To investigate recruitment of CD45+Col+ cells in response to hepatotoxic liver injury, BMT chimeric Col-GFP→wt mice4 were generated via transplantation of collagen α1(I) promoter/enhancer-GFP+ BM16 into lethally-irradiated wild-type mice and then subjected to liver injury induced by CCl4 (16 injections over 8 weeks; Figure 1A). Monitored by GFP expression, BM-derived Col+ cells were detected in fibrotic liver of CCl4-treated but not control (corn oil–treated) Col-GFP→wt mice. Live liver microscopy of fibrotic liver revealed simultaneous presence of GFP+ myofibroblast-like and round fibrocytes (Figure 1B; see also Supplemental Videos S1 and S2 at http://ajp.amjpathol.org), which suggests that sustained liver injury triggers fibrocyte differentiation into (myo)fibroblasts in situ. In concordance, isolated liver fibrocytes rapidly obtained myofibroblastic phenotype in culture (Figure 1C). Similar to HSCs, fibrocyte-derived myofibroblasts up-regulated α-SMA in culture but are differentiated from HSCs by lack of vitamin A.1

Figure 1.

Figure 1

Liver fibrocytes have potential to differentiate into (myo)fibroblasts. A: Study design. BMT chimeric Col-GFP→wt mice were subjected to CCl4 for 2 months.
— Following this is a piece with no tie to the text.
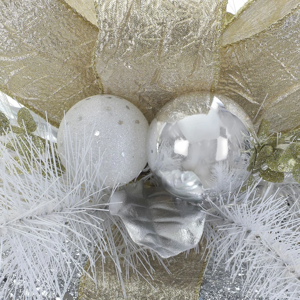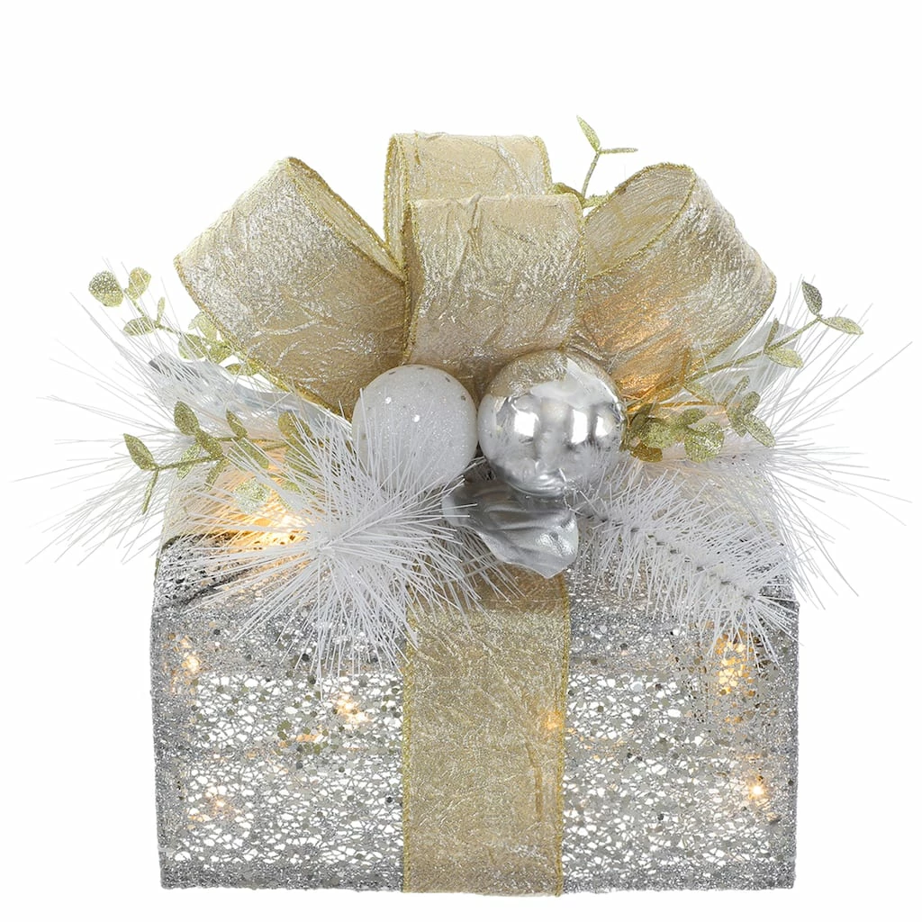 The glittery pine gift box is an attractive accent piece for adding to your holiday decorating scheme. This piece features a handcrafted gift box with pine branch tips, ornaments, and a bow. It is pre-lit with battery-operated LED lights. Display this holiday trimming in indoor locations.

B: Round and (myo)fibroblast-like collagen α1(I)–GFP+ cells (green arrows) were detected using fluorescent microscopy in fibrotic livers of CCl4-treated Col-GFP→wt mice (n = 4). Collagen fibers (blue arrows) are shown. ns, Nonspecific autofluorescence of fibrotic livers. C: GFP+ (myo)fibroblasts from CCl4-treated Col-into-wt mice were compared with GFP+ HSCs from CCl4-treated Col-GFP mice using fluorescent microscopy for expression of vitamin A (blue) and α-SMA (red).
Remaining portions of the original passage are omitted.